# TASK GOAL
Starting with the line below that holds "Perfectly symmetrical, raspberry" and stopping after the line that holds "Modelo de apartamento: A2Desde", transcribe the lines exactly, leaving out all pictures.
(EXERCISE INPUTS begins)
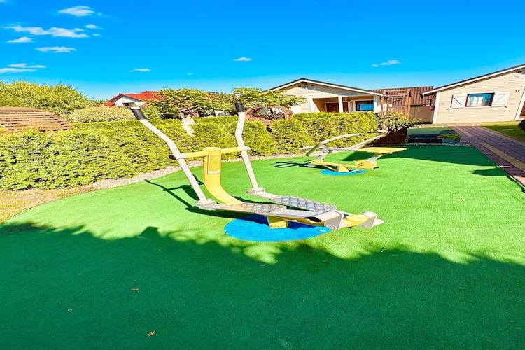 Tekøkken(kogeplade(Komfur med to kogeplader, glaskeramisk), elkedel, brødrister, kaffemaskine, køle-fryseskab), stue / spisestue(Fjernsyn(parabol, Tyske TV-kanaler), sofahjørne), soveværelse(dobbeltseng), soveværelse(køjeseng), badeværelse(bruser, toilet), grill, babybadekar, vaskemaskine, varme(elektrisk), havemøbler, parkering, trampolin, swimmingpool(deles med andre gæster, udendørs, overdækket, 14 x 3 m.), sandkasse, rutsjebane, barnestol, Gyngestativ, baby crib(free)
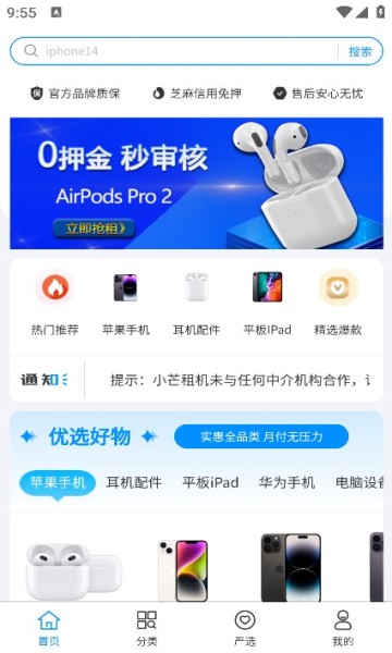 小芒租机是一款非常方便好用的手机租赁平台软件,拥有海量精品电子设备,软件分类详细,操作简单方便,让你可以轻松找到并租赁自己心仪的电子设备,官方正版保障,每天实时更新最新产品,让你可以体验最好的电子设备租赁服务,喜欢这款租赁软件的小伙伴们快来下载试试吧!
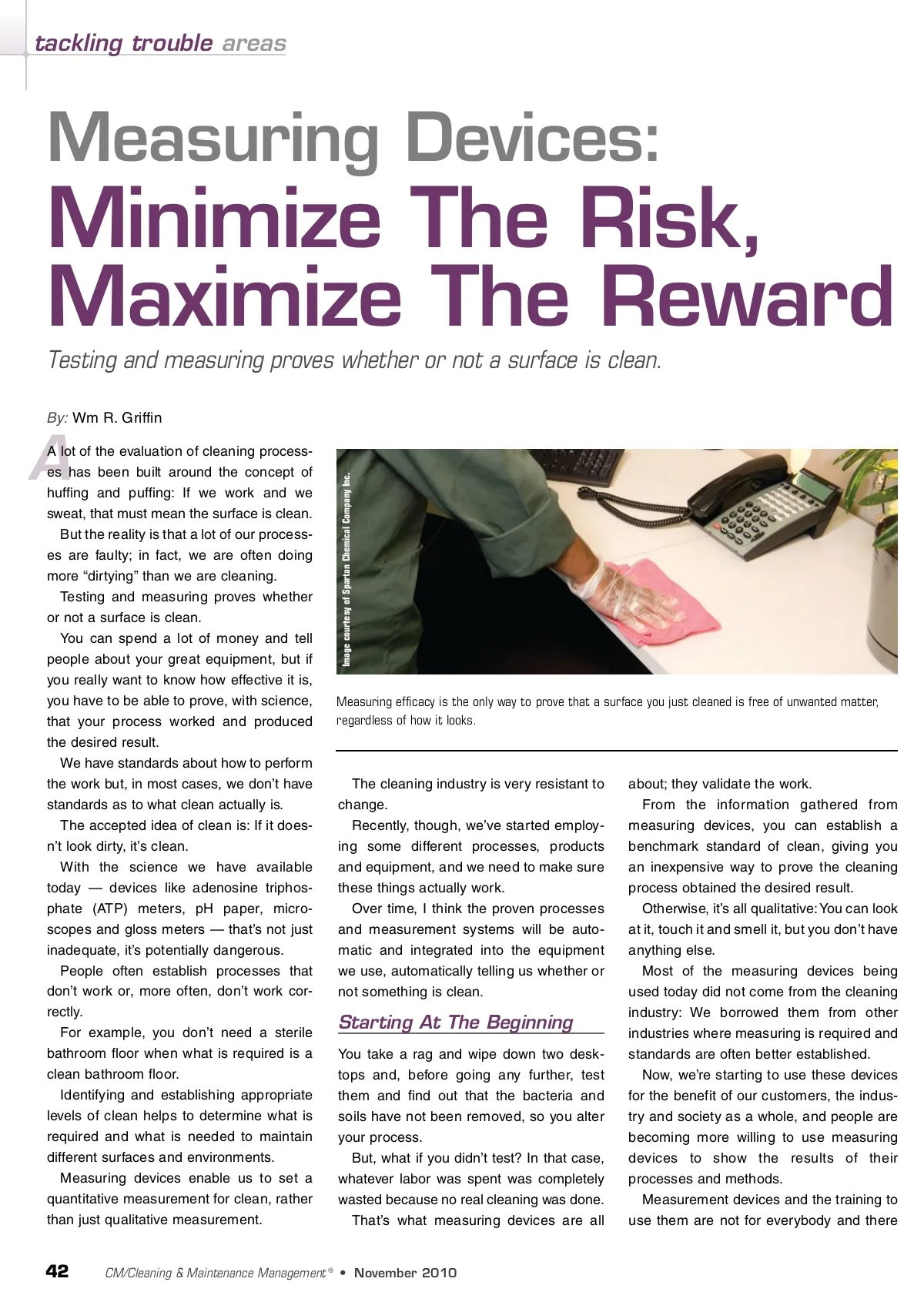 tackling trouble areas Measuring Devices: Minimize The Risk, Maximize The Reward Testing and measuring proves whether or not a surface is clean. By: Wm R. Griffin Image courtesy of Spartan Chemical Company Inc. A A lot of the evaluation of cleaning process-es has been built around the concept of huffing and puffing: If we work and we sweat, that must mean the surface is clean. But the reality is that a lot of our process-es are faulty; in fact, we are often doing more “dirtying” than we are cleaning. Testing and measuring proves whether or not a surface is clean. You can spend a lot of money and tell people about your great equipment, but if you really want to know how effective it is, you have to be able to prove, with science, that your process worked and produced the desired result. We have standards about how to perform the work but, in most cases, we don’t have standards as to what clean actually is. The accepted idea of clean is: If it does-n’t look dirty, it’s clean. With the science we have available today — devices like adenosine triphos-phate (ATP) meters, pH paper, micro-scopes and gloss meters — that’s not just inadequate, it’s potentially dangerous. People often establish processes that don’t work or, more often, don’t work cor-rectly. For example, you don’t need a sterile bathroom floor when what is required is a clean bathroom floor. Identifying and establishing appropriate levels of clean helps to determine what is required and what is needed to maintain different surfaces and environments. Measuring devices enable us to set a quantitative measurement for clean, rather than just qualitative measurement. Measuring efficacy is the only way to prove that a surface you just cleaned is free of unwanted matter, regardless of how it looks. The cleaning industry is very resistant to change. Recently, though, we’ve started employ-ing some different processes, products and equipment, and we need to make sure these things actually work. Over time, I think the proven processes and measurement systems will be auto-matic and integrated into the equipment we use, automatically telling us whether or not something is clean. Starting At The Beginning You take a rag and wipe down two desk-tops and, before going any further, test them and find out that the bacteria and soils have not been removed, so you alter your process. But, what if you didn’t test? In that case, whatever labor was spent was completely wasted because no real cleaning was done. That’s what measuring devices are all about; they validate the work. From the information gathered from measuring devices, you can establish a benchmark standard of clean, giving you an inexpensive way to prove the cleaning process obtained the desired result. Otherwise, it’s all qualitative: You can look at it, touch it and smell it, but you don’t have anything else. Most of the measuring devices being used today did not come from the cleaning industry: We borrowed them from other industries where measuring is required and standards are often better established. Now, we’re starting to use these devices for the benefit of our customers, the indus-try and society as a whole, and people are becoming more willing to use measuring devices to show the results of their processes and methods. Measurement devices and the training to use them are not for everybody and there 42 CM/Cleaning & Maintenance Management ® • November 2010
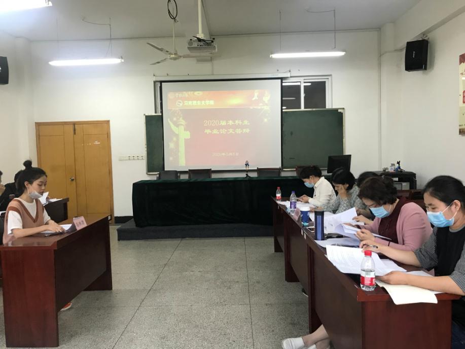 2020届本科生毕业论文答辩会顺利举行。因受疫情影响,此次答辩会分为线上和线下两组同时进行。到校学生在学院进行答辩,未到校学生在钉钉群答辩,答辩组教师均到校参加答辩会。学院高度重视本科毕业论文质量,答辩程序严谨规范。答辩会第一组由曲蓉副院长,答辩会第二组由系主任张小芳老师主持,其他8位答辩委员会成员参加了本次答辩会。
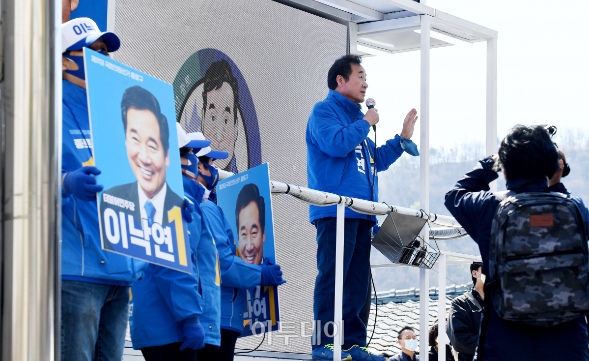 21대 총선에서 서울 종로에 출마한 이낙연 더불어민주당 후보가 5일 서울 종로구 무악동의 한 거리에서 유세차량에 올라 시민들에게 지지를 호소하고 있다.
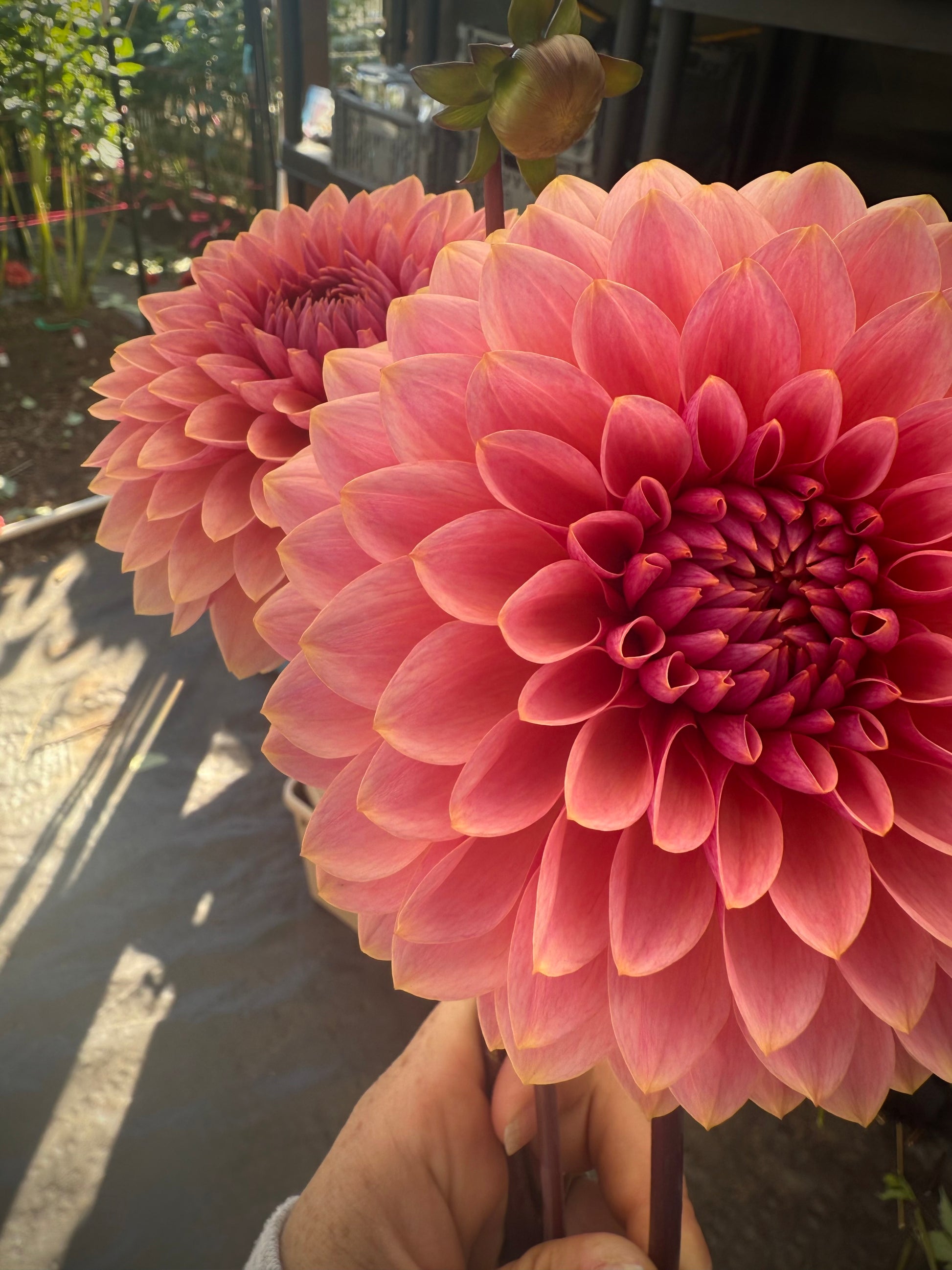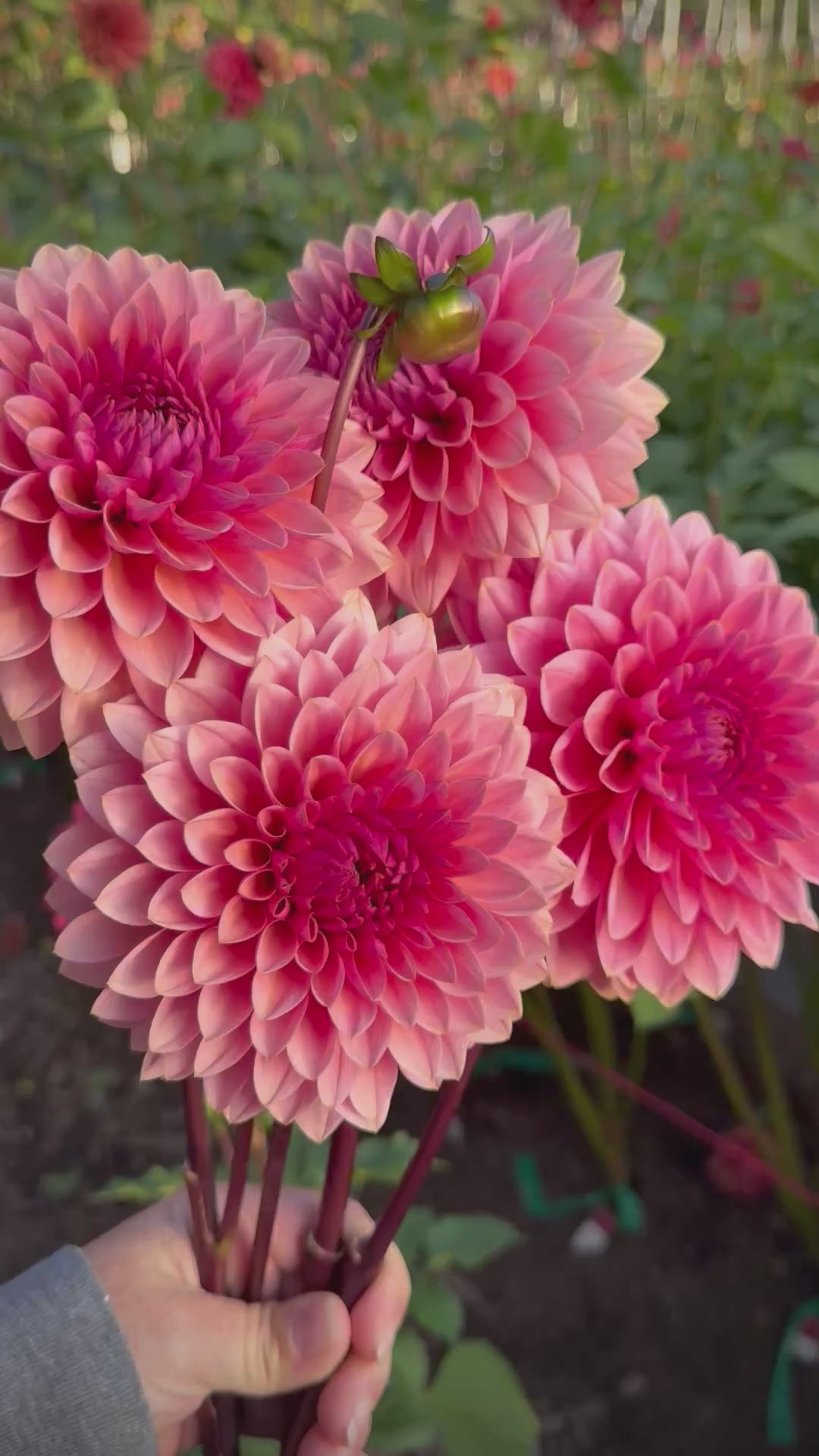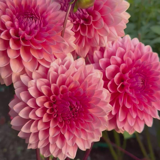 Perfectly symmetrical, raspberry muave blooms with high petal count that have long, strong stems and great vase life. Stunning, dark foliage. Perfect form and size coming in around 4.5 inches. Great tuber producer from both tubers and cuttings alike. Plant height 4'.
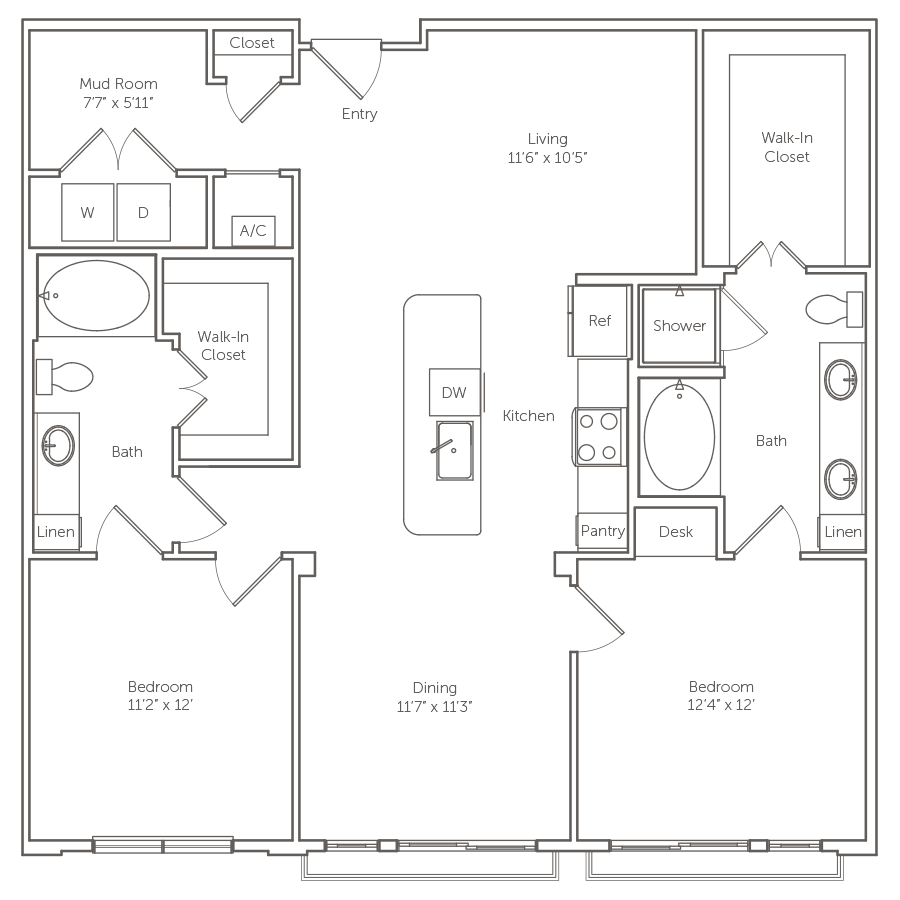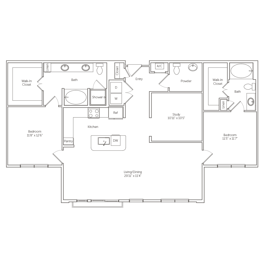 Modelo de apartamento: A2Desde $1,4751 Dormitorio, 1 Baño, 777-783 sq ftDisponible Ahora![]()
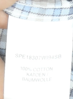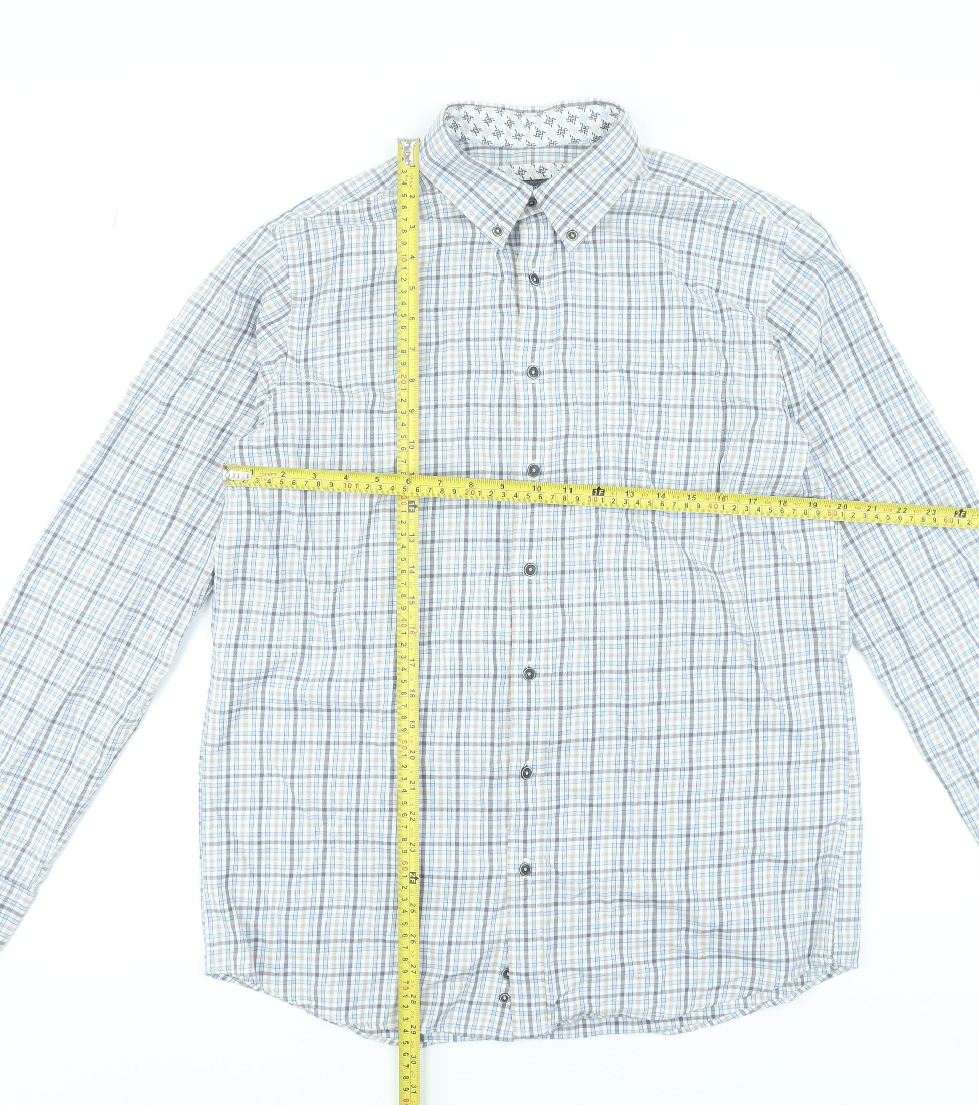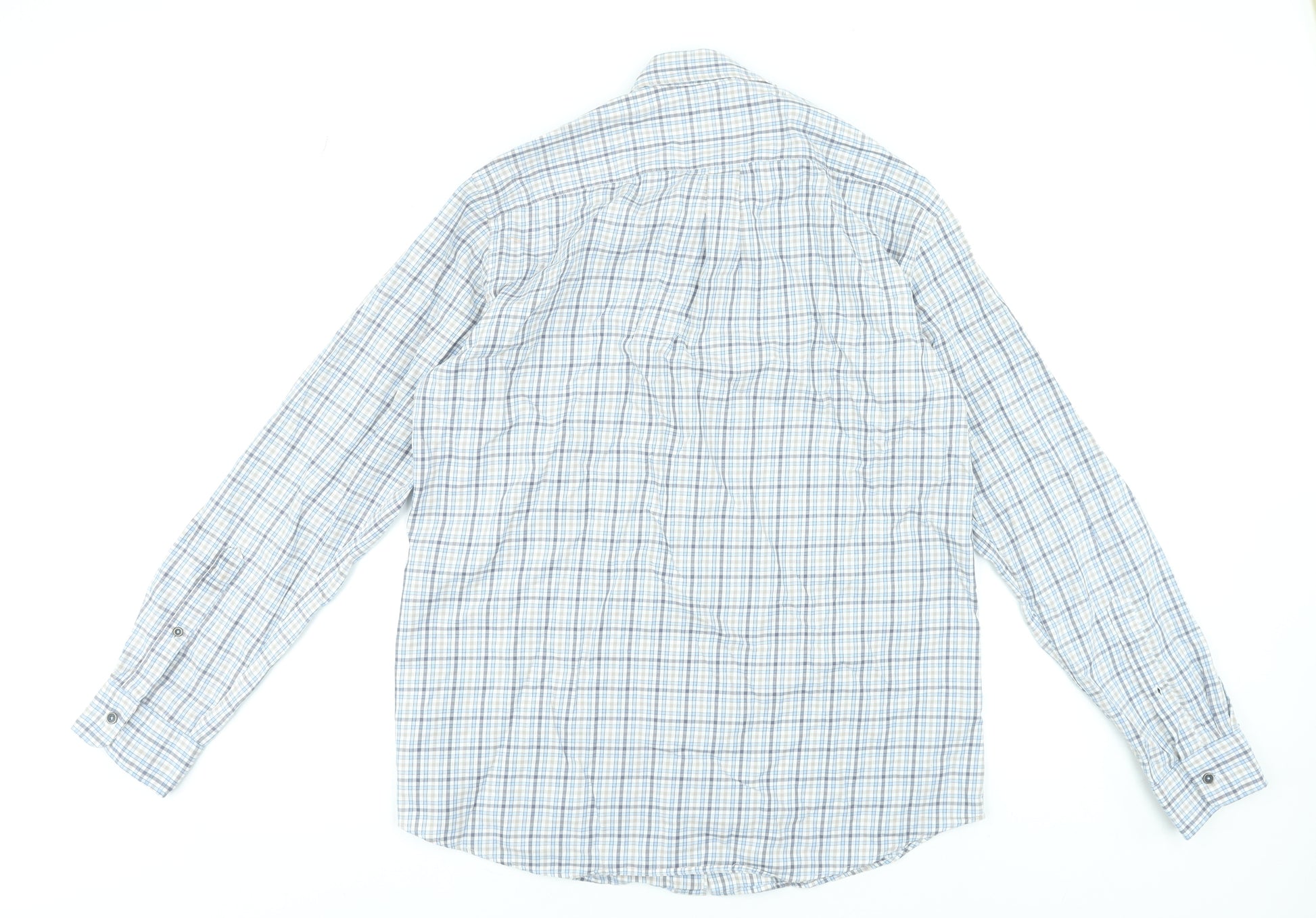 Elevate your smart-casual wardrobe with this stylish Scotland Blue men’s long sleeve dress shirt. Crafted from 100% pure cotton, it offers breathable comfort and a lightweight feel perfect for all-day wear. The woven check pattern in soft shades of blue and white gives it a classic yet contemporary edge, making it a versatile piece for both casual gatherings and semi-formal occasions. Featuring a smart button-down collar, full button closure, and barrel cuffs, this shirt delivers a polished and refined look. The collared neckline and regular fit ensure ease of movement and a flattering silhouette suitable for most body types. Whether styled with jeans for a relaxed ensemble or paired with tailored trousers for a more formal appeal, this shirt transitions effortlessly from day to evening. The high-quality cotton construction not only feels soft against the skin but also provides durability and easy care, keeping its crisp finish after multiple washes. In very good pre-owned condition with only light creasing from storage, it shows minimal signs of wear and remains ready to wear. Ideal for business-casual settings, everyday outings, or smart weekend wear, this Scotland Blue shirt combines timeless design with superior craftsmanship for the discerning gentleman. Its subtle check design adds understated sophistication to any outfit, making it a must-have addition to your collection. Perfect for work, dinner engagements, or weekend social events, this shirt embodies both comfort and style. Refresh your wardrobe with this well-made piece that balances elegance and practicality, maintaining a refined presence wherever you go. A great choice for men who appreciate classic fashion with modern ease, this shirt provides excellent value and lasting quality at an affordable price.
(EXERCISE INPUTS ends)
# SOLUTION BELOW
 Perfectly symmetrical, raspberry muave blooms with high petal count that have long, strong stems and great vase life. Stunning, dark foliage. Perfect form and size coming in around 4.5 inches. Great tuber producer from both tubers and cuttings alike. Plant height 4'.
 Modelo de apartamento: A2Desde $1,4751 Dormitorio, 1 Baño, 777-783 sq ftDisponible Ahora![]()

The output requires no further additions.